Please set down the data word for word; images do not go in the copy.

[DATA SEGMENT]

......

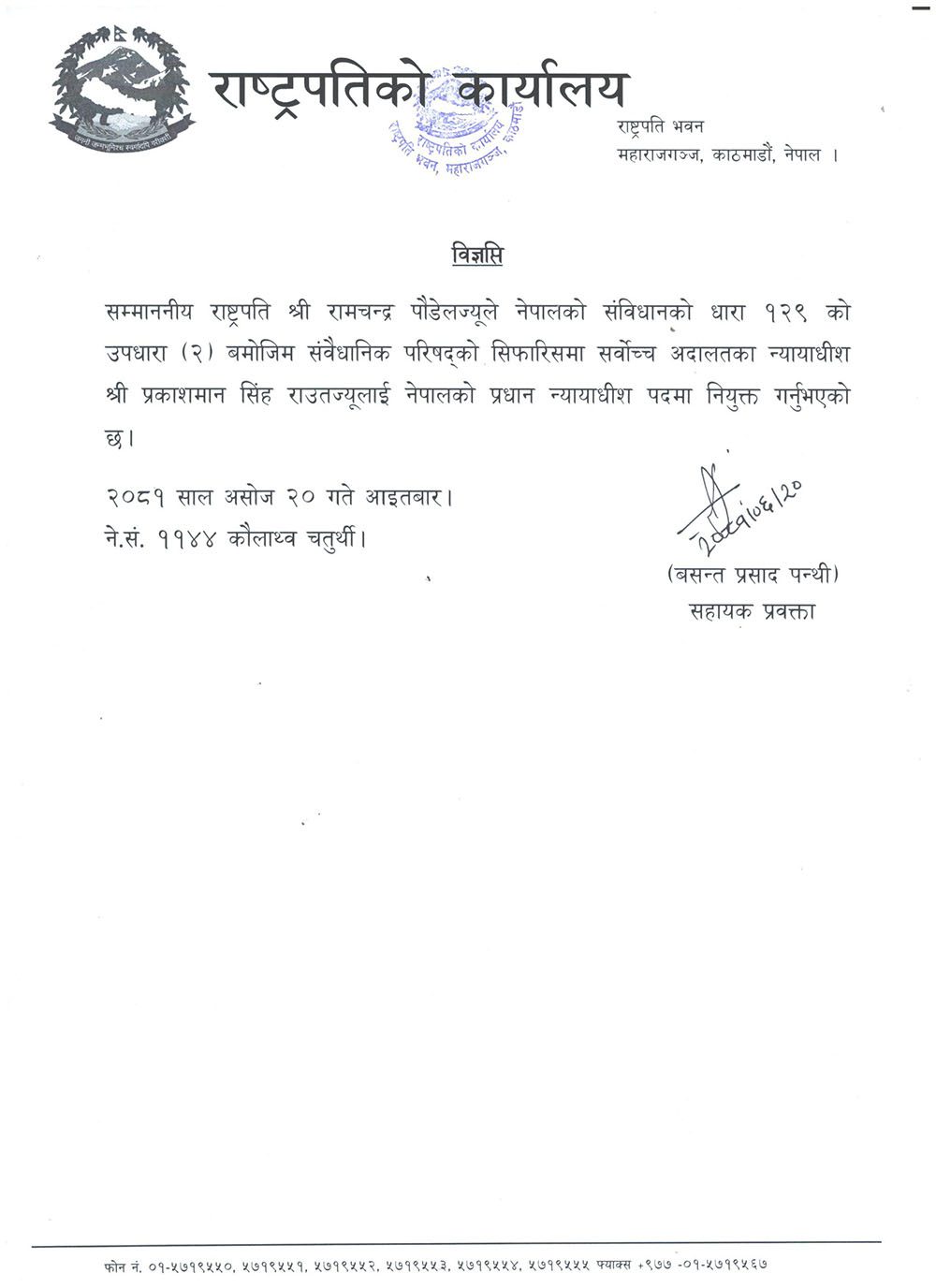 काठमाडौँ । राष्ट्रपति रामचन्द्र पौडेलले प्रकाशमानसिंह राउत प्रधानन्यायाधीश पदमा नियुक्त गरेका छन् ।आइतबार राष्ट्रपति पौडैलले राउतलाई प्रधानन्यायाधीश नियुक्त गरेको राष्ट्रपतिको कार्यालयले जानकारी दिएको छ ।यस अघि राउतलाई असोज १६ गतेको संसदीय सुनुवाइ समितिको बैठकमा प्रधानन्यायाधीशमा सर्वसम्मतिले अनुमोदन गरेको थियो ।संसदीय सुनुवाइ समितिबाट अनुमोदन भएपछि संवैधानिक परिषदको सिफारिसमा आइतबार राष्ट्रपति पौडेलले संविधानको धारा १२९ को उपधारा २ बमोजिम राउतलाई प्रधानन्यायाधीश नियुक्त गरेका हुन् ।
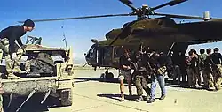 Des Special Forces aidant un membre de l'Alliance du Nord sur la base aérienne de Bagram. À l'arrière plan, un Mi-17 affrété par la CIA durant l'opération Anaconda en 2002.
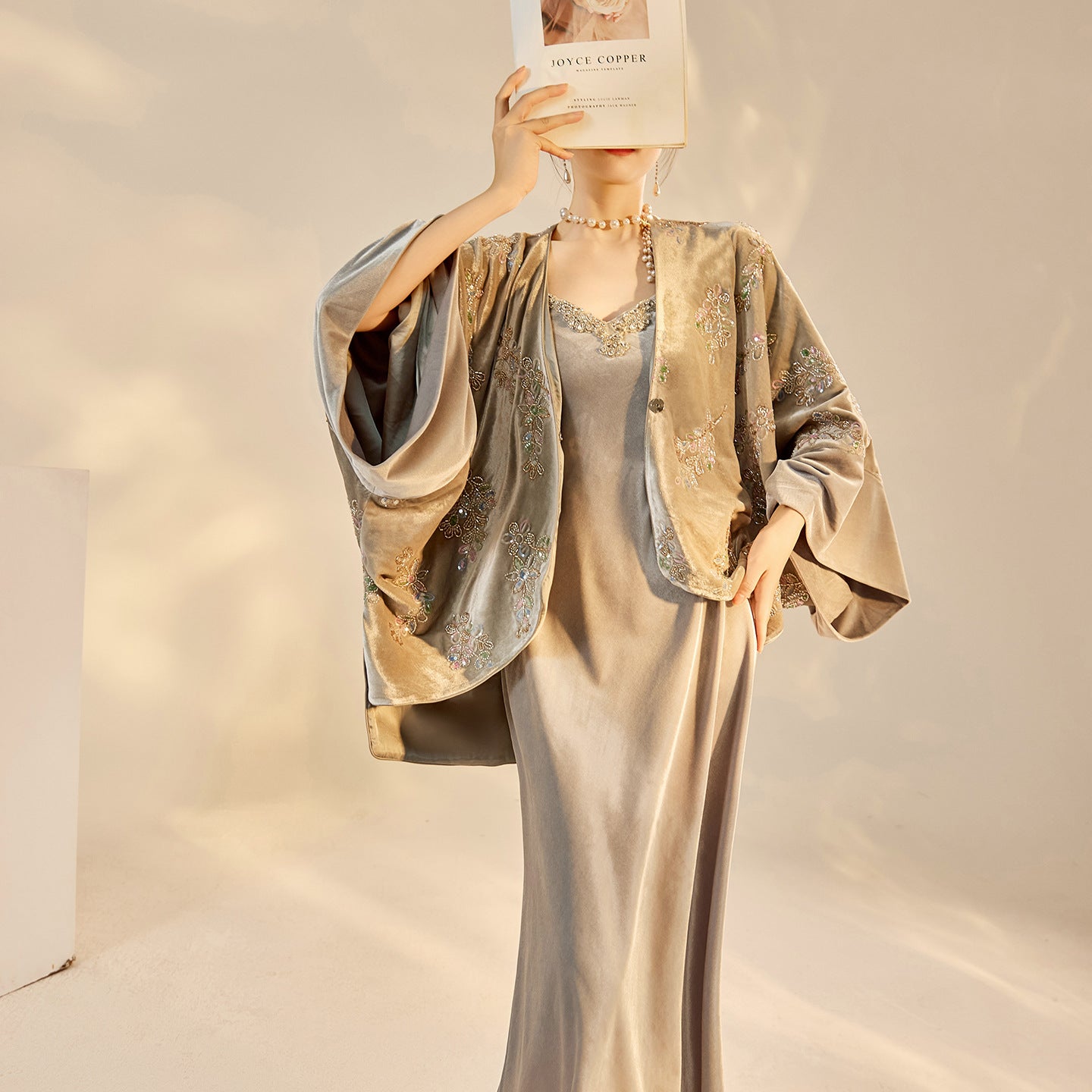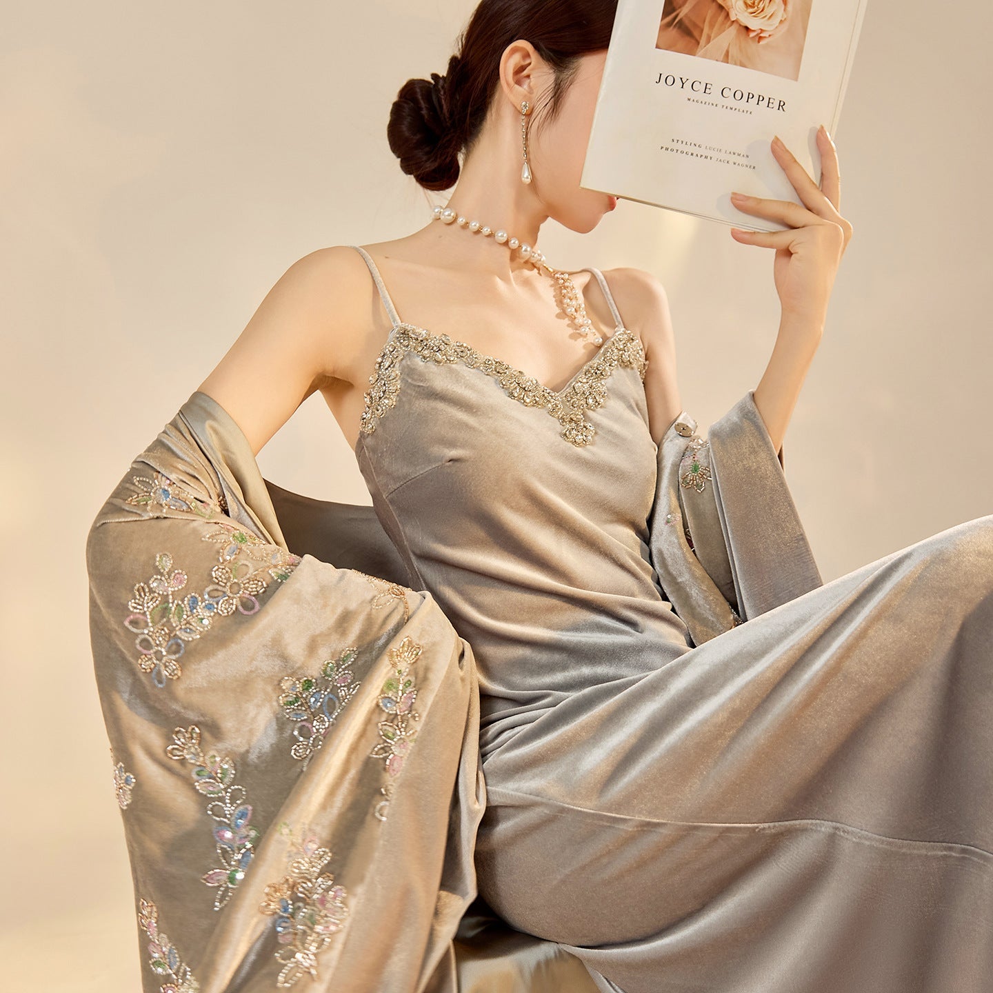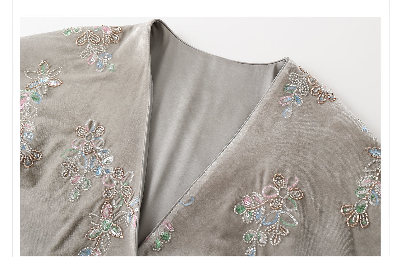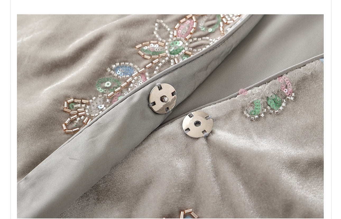Elevate your wardrobe with this exquisite Cheongsam and Qipao-inspired two-piece set. The luxurious embroidered cardigan features intricate beaded details, paired with a sexy suspender skirt that beautifully highlights your silhouette. Perfect for special occasions like weddings or evening parties, this modern ensemble combines traditional elegance with contemporary flair, making it a versatile addition to your collection.
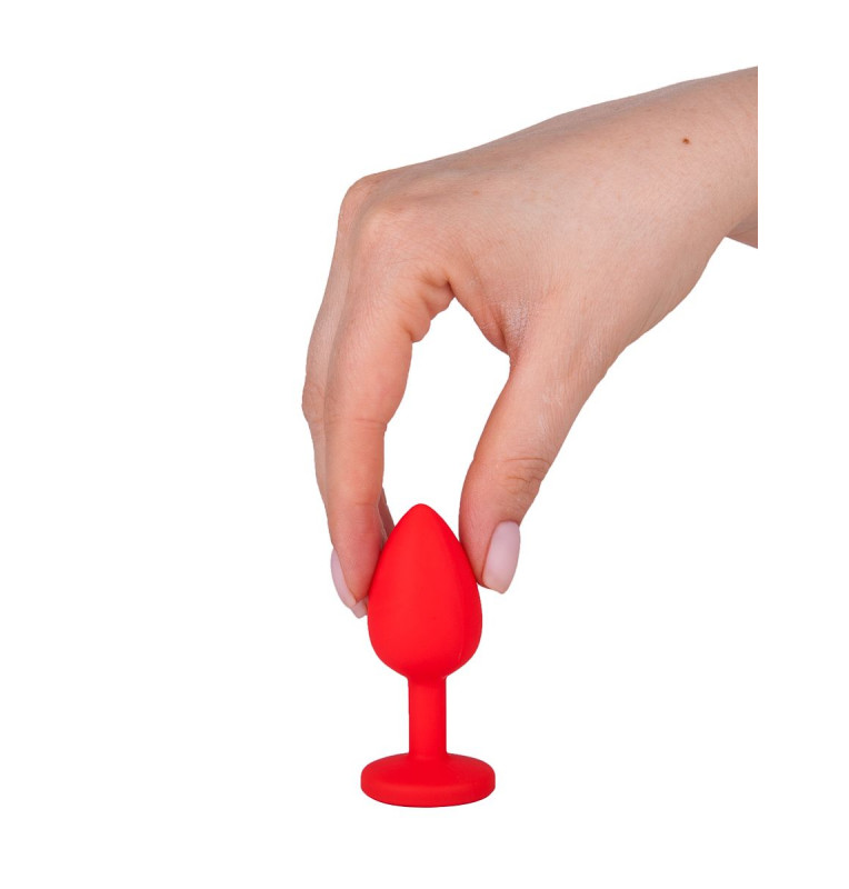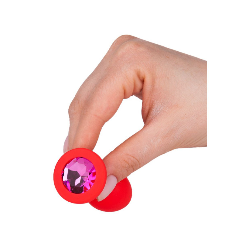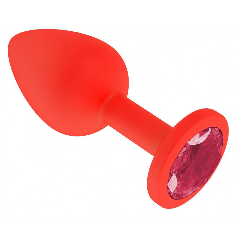 Красная анальная втулка с малиновым кристаллом - 7,3 см.

......

[SOLVED PROBLEM]
 काठमाडौँ । राष्ट्रपति रामचन्द्र पौडेलले प्रकाशमानसिंह राउत प्रधानन्यायाधीश पदमा नियुक्त गरेका छन् ।आइतबार राष्ट्रपति पौडैलले राउतलाई प्रधानन्यायाधीश नियुक्त गरेको राष्ट्रपतिको कार्यालयले जानकारी दिएको छ ।यस अघि राउतलाई असोज १६ गतेको संसदीय सुनुवाइ समितिको बैठकमा प्रधानन्यायाधीशमा सर्वसम्मतिले अनुमोदन गरेको थियो ।संसदीय सुनुवाइ समितिबाट अनुमोदन भएपछि संवैधानिक परिषदको सिफारिसमा आइतबार राष्ट्रपति पौडेलले संविधानको धारा १२९ को उपधारा २ बमोजिम राउतलाई प्रधानन्यायाधीश नियुक्त गरेका हुन् ।
 Des Special Forces aidant un membre de l'Alliance du Nord sur la base aérienne de Bagram. À l'arrière plan, un Mi-17 affrété par la CIA durant l'opération Anaconda en 2002.
Elevate your wardrobe with this exquisite Cheongsam and Qipao-inspired two-piece set. The luxurious embroidered cardigan features intricate beaded details, paired with a sexy suspender skirt that beautifully highlights your silhouette. Perfect for special occasions like weddings or evening parties, this modern ensemble combines traditional elegance with contemporary flair, making it a versatile addition to your collection.
 Красная анальная втулка с малиновым кристаллом - 7,3 см.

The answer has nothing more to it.